In de roman trekt een man in een bloedhete Parijse zolderkamer zich terug uit de maatschappij waaraan hij verwacht deel te nemen. De reden daarvoor wordt niet gegeven. Net als in de roman speelt BOG. de voorstelling in de jij-vorm en maakt hem nog universeler door te kiezen voor het het genderneutrale Iemand die slaapt. Knap is hoe in de tekstbewerking vrijwel elke zin sneuvelde en werd aangepast, maar de sfeer van Perec volkomen intact blijft.
De voorstelling begint met Benjamin Moen, weifelend, achteloos. Langzaam gaat het tempo omhoog, nemen de andere spelers (Judith de Joode, Lisa Verbelen, Sanne Vanderbruggen) het van hem over, maar juist in deze meerstemmigheid blijft BOG. één. Ook als vierkante speelvlak, dat als de chaos en twijfel in het hoofd van de collectieve verteller de overhand krijgt, begint te draaien. Eerst langzaam, maar steeds sneller. Stilstand is alleen nog mogelijk door tegen de draairichting in te lopen. De gekleurde kleding is dan al verruild voor uniforme kledij.

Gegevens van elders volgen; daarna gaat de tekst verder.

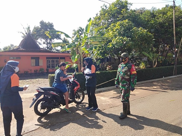 Tampak Koptu sambaz salah seorang anggota Satgas TMMD Ke-111 Kodim 0718/Pati bersama perangkat Desa Tamansari, sedang membagikan masker kepada warga Desa yang kebetulan tidak menggunakan masker saat mengendarai motor.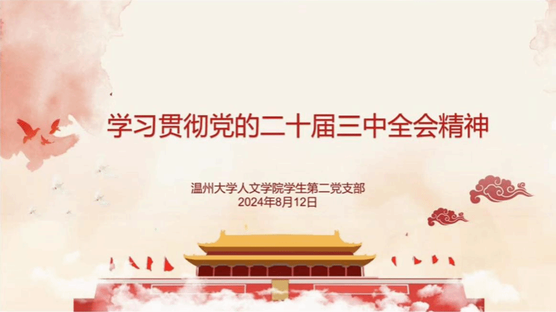 为深入学习贯彻党的二十届三中全会精神,推动党的二十届三中全会精神融入到日常生活和学习之中,2024年7月28日与8月12日上午,德赢ac米兰官方合作vwin学生第二党支部于线上开展了“深入学习贯彻党的二十届三中全会精神”主题党日活动。会议由唐佳楠同志主持。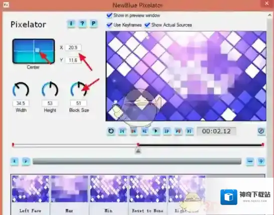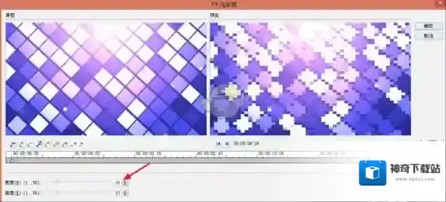 2、和上面一样双击选择自定义滤镜,弹出下面的窗口,可以设置位置、赛克的大小,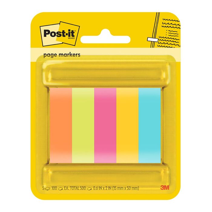 POST IT NOTES PAGE MARKERS 670 CAPETOWN / NEON COLOURS PKT/100 . Post-it Page Markers make it simple to mark, flag or highlight important information. Colourful paper page markers are easy to spot and easy to write on. Page Markers stick securely and remove cleanly for no document damage. 100 Sheets/Pad, 5 Pads/Pack. 500 sheets total. 12mm x 50mm.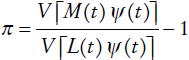 Derivado de la formulación descrita en las ecuaciones (1) a (4) se establecen dos series de longevidad, la primera, un índice L(t) que representa el comportamiento proporcional de la longevidad ex ante, es decir, el índice de longevidad proporcional esperado al inicio del periodo del swap, y segundo, un índice de longevidad proporcional que refleja la experiencia de longevidad ex post M(t), que es una variable aleatoria y es donde se incorpora el riesgo de longevidad, el cual se define al momento de iniciar el contrato del swap como:
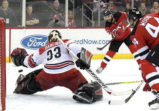 New Jersey Devils right wing Kyle Palmieri (21) scores a goal past Carolina Hurricanes goaltender Scott Darling (33) during the second period of an NHL hockey game Tuesday, March 27, 2018, in Newark, N.J. The Devils won 4-3.(AP Photo/Bill Kostroun) The Associated Press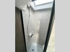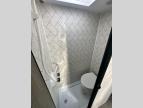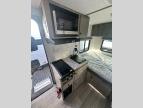 This travel trailer is comfy and accommodating because it comes with a wet bath, so you don't have to use the camp's facilities! There is a small kitchen on the interior that comes with a two-burner stove top, a double door refrigerator, and a microwave so that you can cook dinner without having to start a fire, and since it is indoors, you will be able to keep the bugs away while you prepare something delicious to eat. If you need to rinse off some gear, the outside shower will be especially useful, and if you need to charge your devices, use the USB ports. You will also find a Winegard HDTV antenna on this model.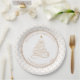 Personalice el servicio de mesa para su fiesta de Navidad anual. Hay texto circular con dos plantillas así que usted puede cambiar fácilmente todo el texto a sus propias palabras, nombre, inicial, o monograma. Este tema del navidad tiene un árbol de navidad afiligranado metálico de oro con las líneas y los remolinos curvados hermosos y una estrella en el top. El mismo árbol se repite en filas de la compensación en el blanco para un fondo del día de fiesta.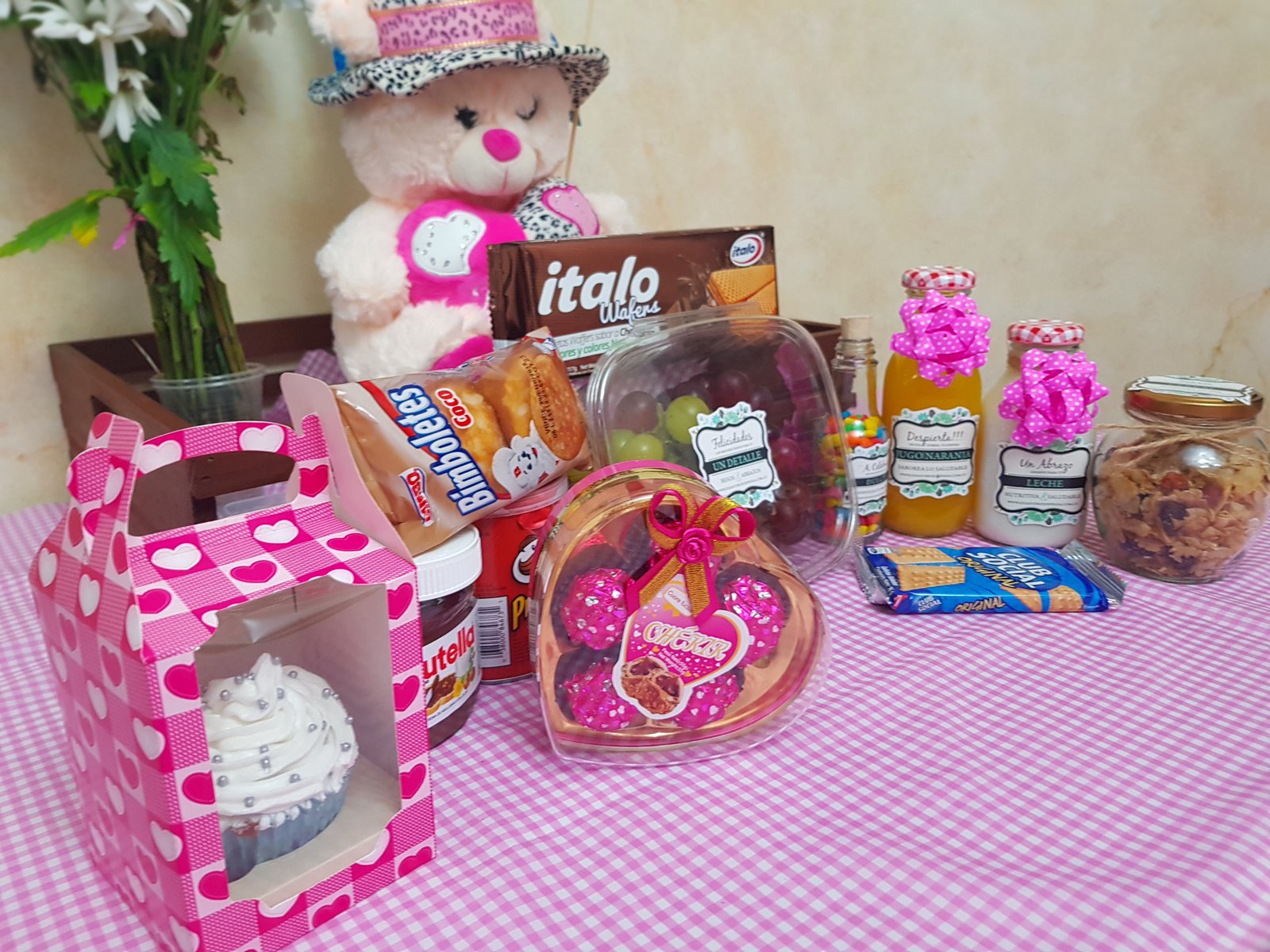 Este desayuno es empacado en un hermoso guacal de madera pintada, forrado con papel celofán y con un moño grande.

Cruciaal hierbij is slagwerker Nina de Jong. Zij verklankt niet alleen wat niet in woorden is te vatten of in woorden te expliciet zou zijn, maar bovenal dat waaraan je niet kunt ontsnappen en geen controle over hebt. Ook zij begint zacht, belletjes haast strelend, maar creëert na een uur een allesoverheersende muur van geluid. Wat rest, is de aarzelende stilte van het begin, het besef dat totale onthechting niet mogelijk is. Niemand kan het alleen. Daarmee is Iemand die slaapt net als de roman van Perec niet nihilistisch, maar universeel en zelfs empathisch.